[Directions for this task] Keep the images out and set the listing below down word for word.

[Opening Given data section]

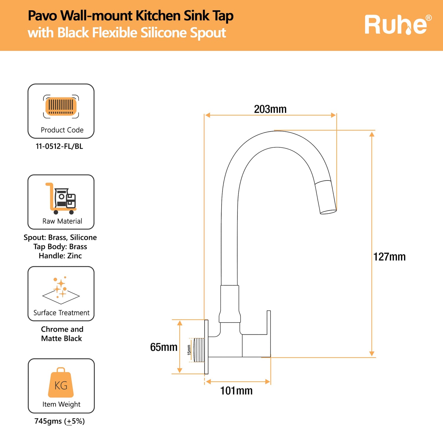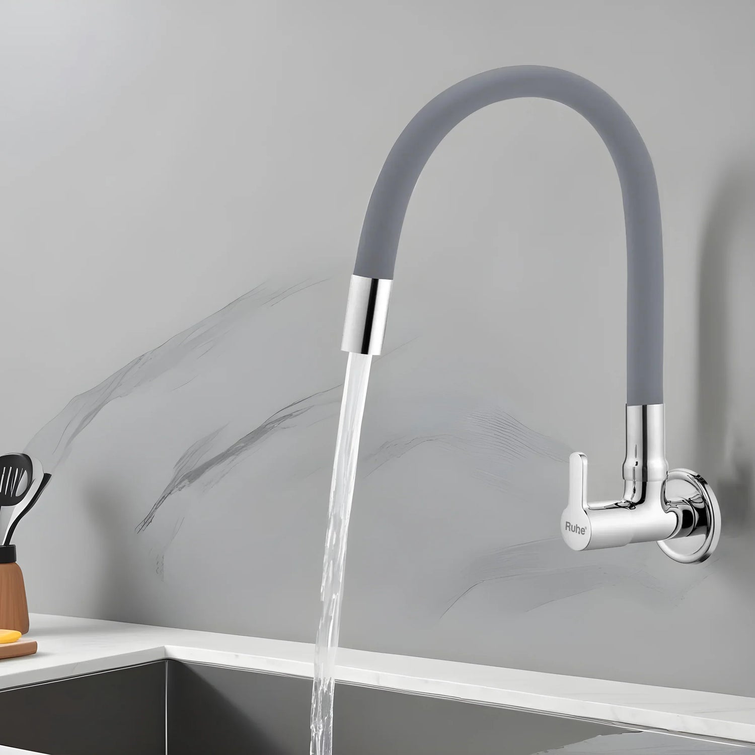 Pavo Wall Mount Kitchen Sink Tap with Coloured Flexible Silicone Spout
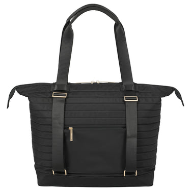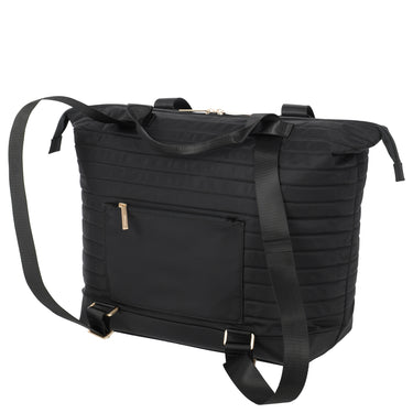 The Travelite BARBARA Stepp 2-in-1 Shopper in elegant black is the perfect companion for fashion-conscious women who value style and functionality. The high-quality, recycled nylon not only gives the shopper a sophisticated appearance but also ensures a comfortable feel. Particularly practical are the adjustable straps, which allow the bag to be quickly transformed into a stylish backpack. Thanks to the clever strap, the shopper can be easily attached to a suitcase—ideal for everyday use or special occasions. The fine metal components add fashionable accents and emphasize the high-quality craftsmanship.
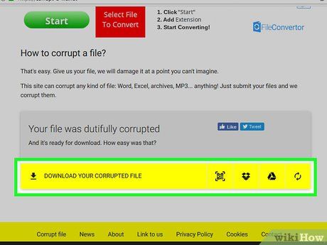 Nhấp vào nút Tải tập tin bị hỏng xuống (Tải tập tin bị hỏng xuống). Tùy chọn này sẽ hiện ra sau khi tập tin đã được làm hỏng.
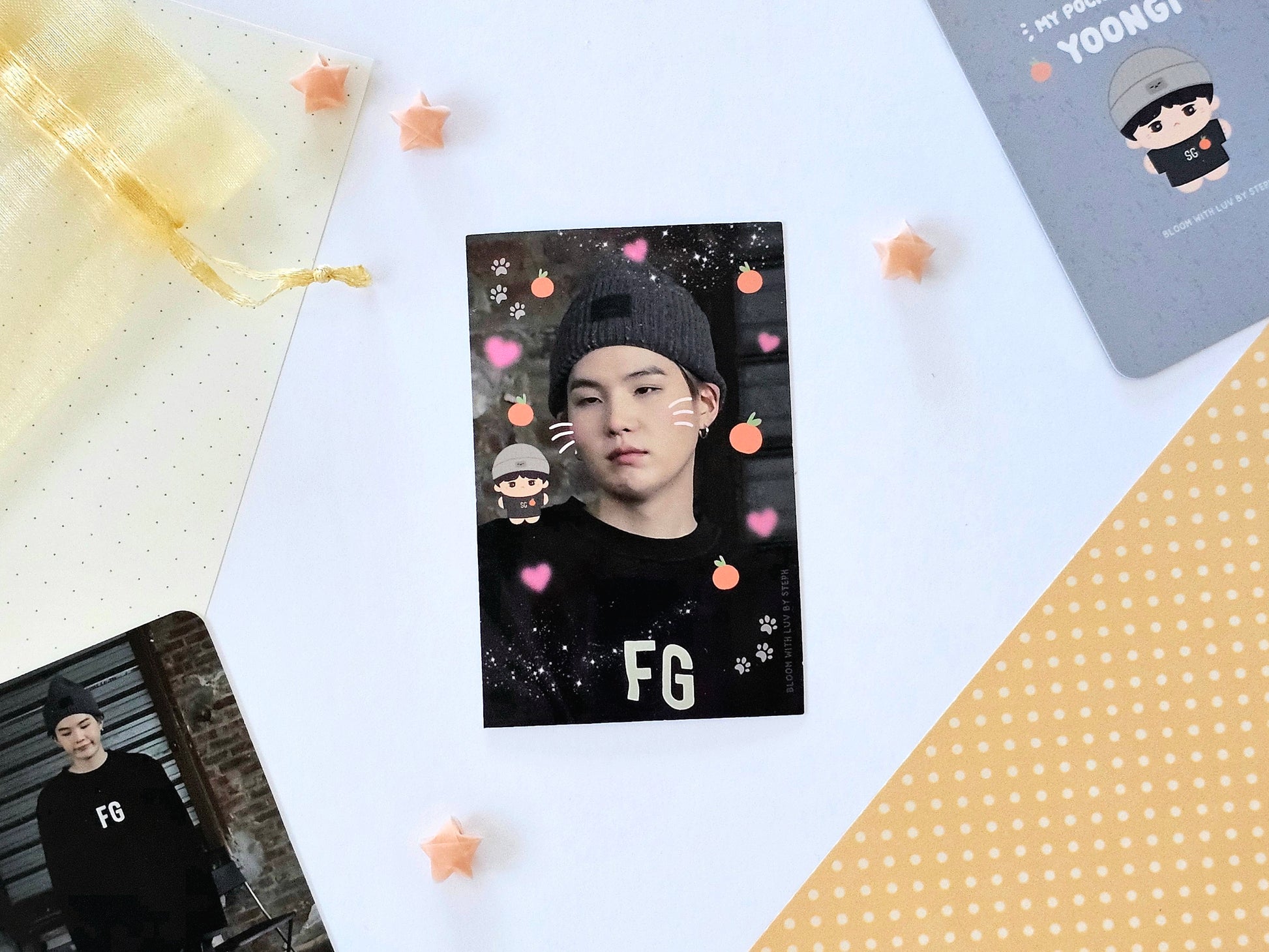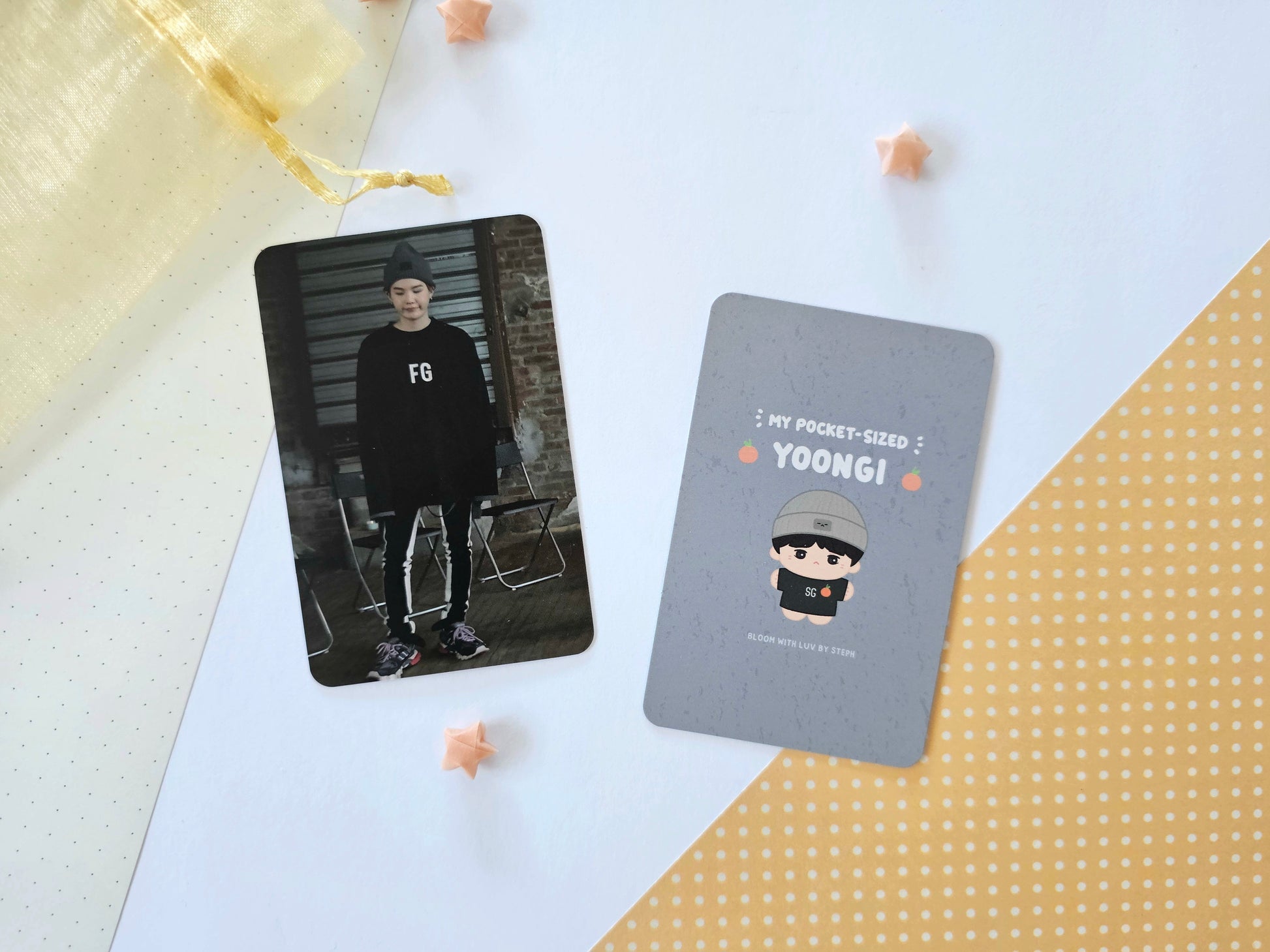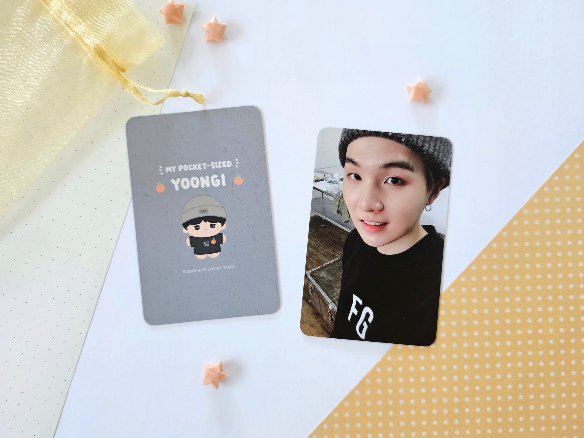 🩶 Glossy photo is one-sided. Matte photocards are double-sided (front: photo of Yoongi, back: illustration of pocket-sized Yoongi)

[Closing Given data section]

[Output]
 Pavo Wall Mount Kitchen Sink Tap with Coloured Flexible Silicone Spout
 The Travelite BARBARA Stepp 2-in-1 Shopper in elegant black is the perfect companion for fashion-conscious women who value style and functionality. The high-quality, recycled nylon not only gives the shopper a sophisticated appearance but also ensures a comfortable feel. Particularly practical are the adjustable straps, which allow the bag to be quickly transformed into a stylish backpack. Thanks to the clever strap, the shopper can be easily attached to a suitcase—ideal for everyday use or special occasions. The fine metal components add fashionable accents and emphasize the high-quality craftsmanship.
 Nhấp vào nút Tải tập tin bị hỏng xuống (Tải tập tin bị hỏng xuống). Tùy chọn này sẽ hiện ra sau khi tập tin đã được làm hỏng.
 🩶 Glossy photo is one-sided. Matte photocards are double-sided (front: photo of Yoongi, back: illustration of pocket-sized Yoongi)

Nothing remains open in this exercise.